Berman also told reporters, according to Fortune, that the broader project was well engineered and well executed except for the two columns that could not carry the load. He said the problem was confined to a small part of one building, Fortune reported.

Conversions are accelerating across New York

The site had received seven New York City Department of Buildings violations and about $15,000 in fines over the past year for falling debris, Fortune reported. Di Pompeo told Fortune he was doubtful those citations explained the column failure, saying loose-debris violations generally differ from structural buckling problems.

Fortune reported that New York had converted nearly 80 office buildings into housing over the two decades before 2023, with about 200 more buildings seen as possible candidates.

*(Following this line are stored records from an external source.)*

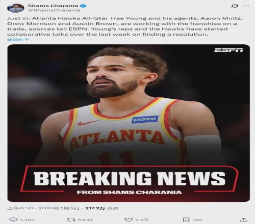 北京時間1月6日上午,NBA名記Shams報道,特雷-楊已經(jīng)提出交易申請,他和經(jīng)紀(jì)團(tuán)隊(duì)正與老鷹管理層商討交易事宜。Shams表示,自老鷹拒絕4年2.29億續(xù)約特雷-楊之后,他的經(jīng)紀(jì)團(tuán)隊(duì)一直跟管理層溝通,從上周開始討論交易。
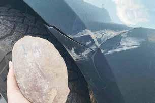 The same can’t be said for many vehicles, some of which had their windscreens and headlights smashed by rocks as large as a hand.
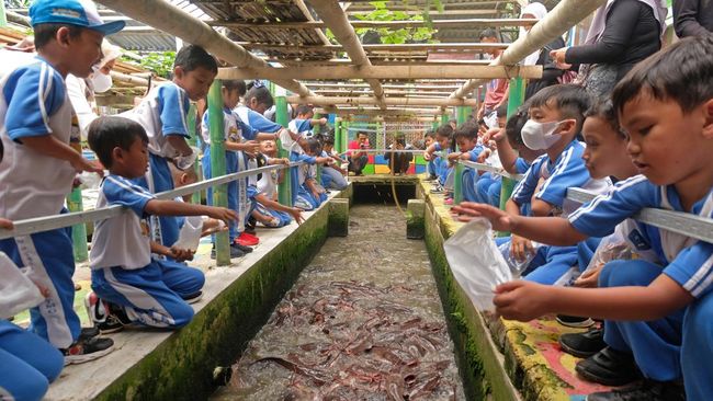 Sejumlah pelajar TK (taman kanak-kanak) memberi pakan ikan lele di kolam kompleks Argo Eduwisata Putat, Kedu, Temanggung, Jawa Tengah, Selasa (17/1/2023). Kegiatan belajar di luar ruang ini diikuti oleh puluhan siswa TK.
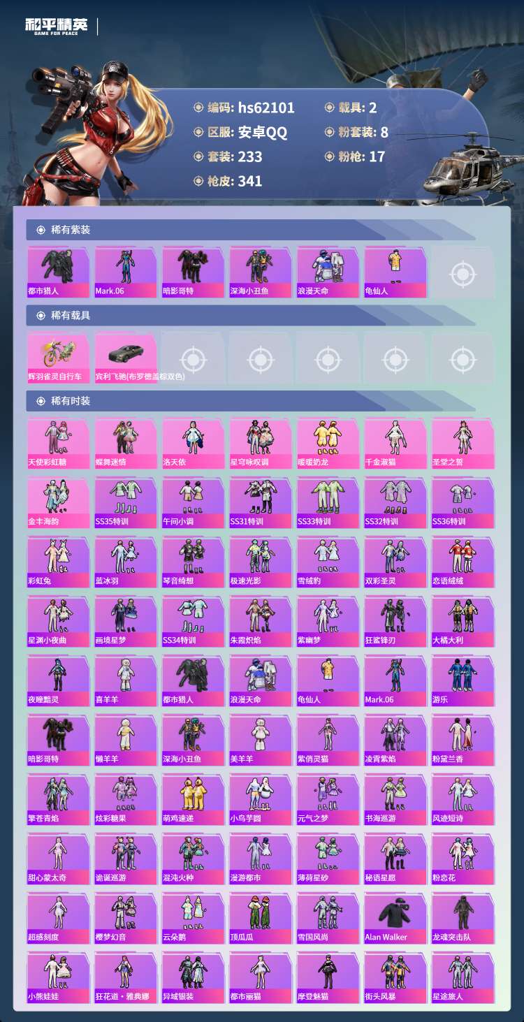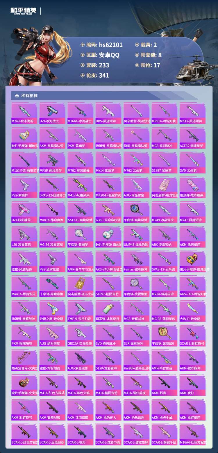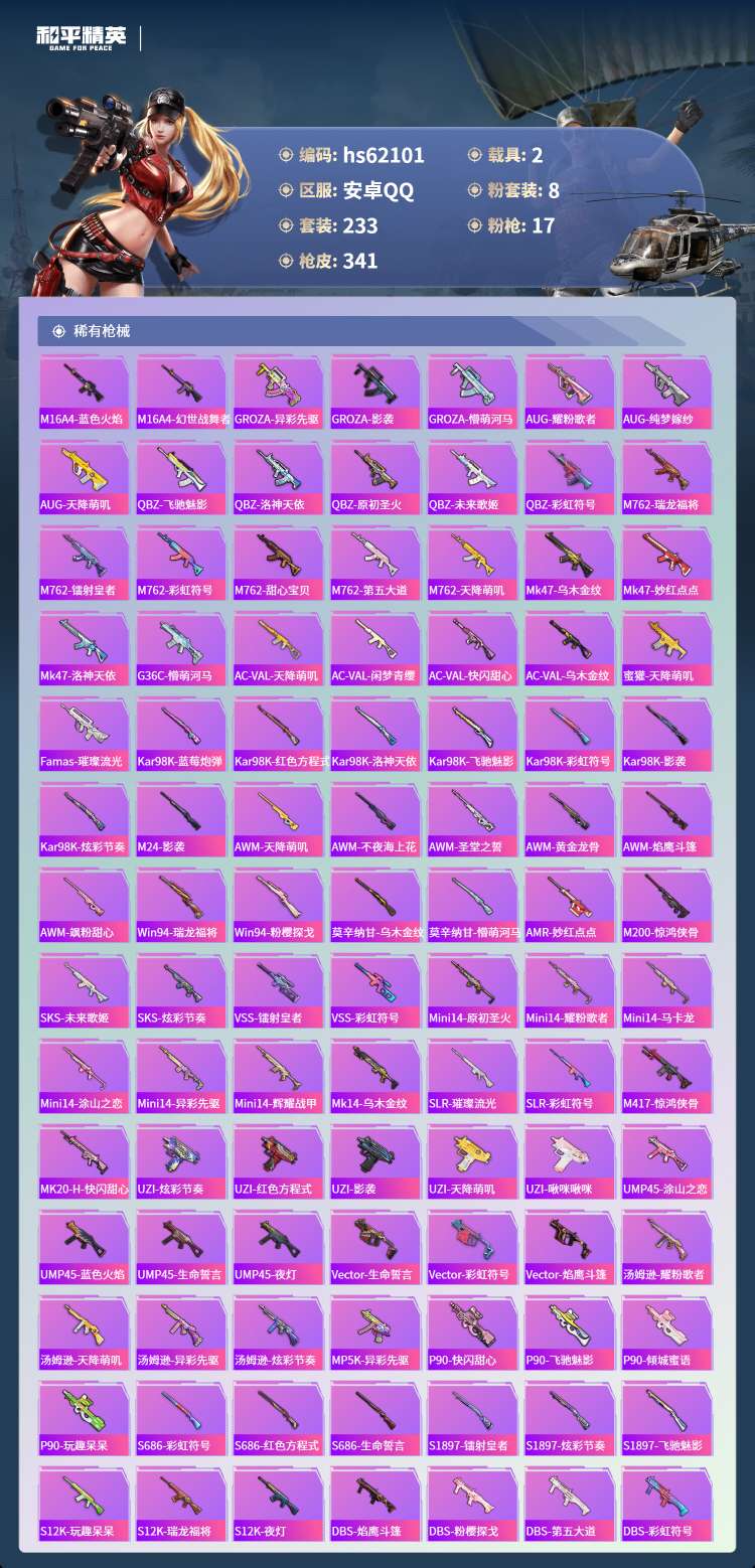 hs62101 安卓手Q-17王牌印记-8粉装-17特效枪-2载具-110617热力值-233套装-

The pipeline has since expanded, according to Fortune, with developers expected to begin 9.5 million square feet of office-to-residential conversions in 2026, more than twice the prior year’s pace and close to double the city’s 2008 peak.

New York leads U.S. metro areas with more than 16,000 units now in conversion, Fortune reported. Goldman Sachs estimated in 2024 that office prices would need to fall by nearly 50% for conversions to work financially at scale, according to Fortune, while one commercial real estate veteran told Fortune that 30% of office buildings are worth little and may have to be demolished rather than converted.

Di Pompeo told Fortune that construction problems occur often, though most do not become public because crews repair them before a collapse or serious incident. The Midtown case drew attention because falling material, evacuations and visible structural distress brought the work into public view.

This story draws on original reporting from Fortune.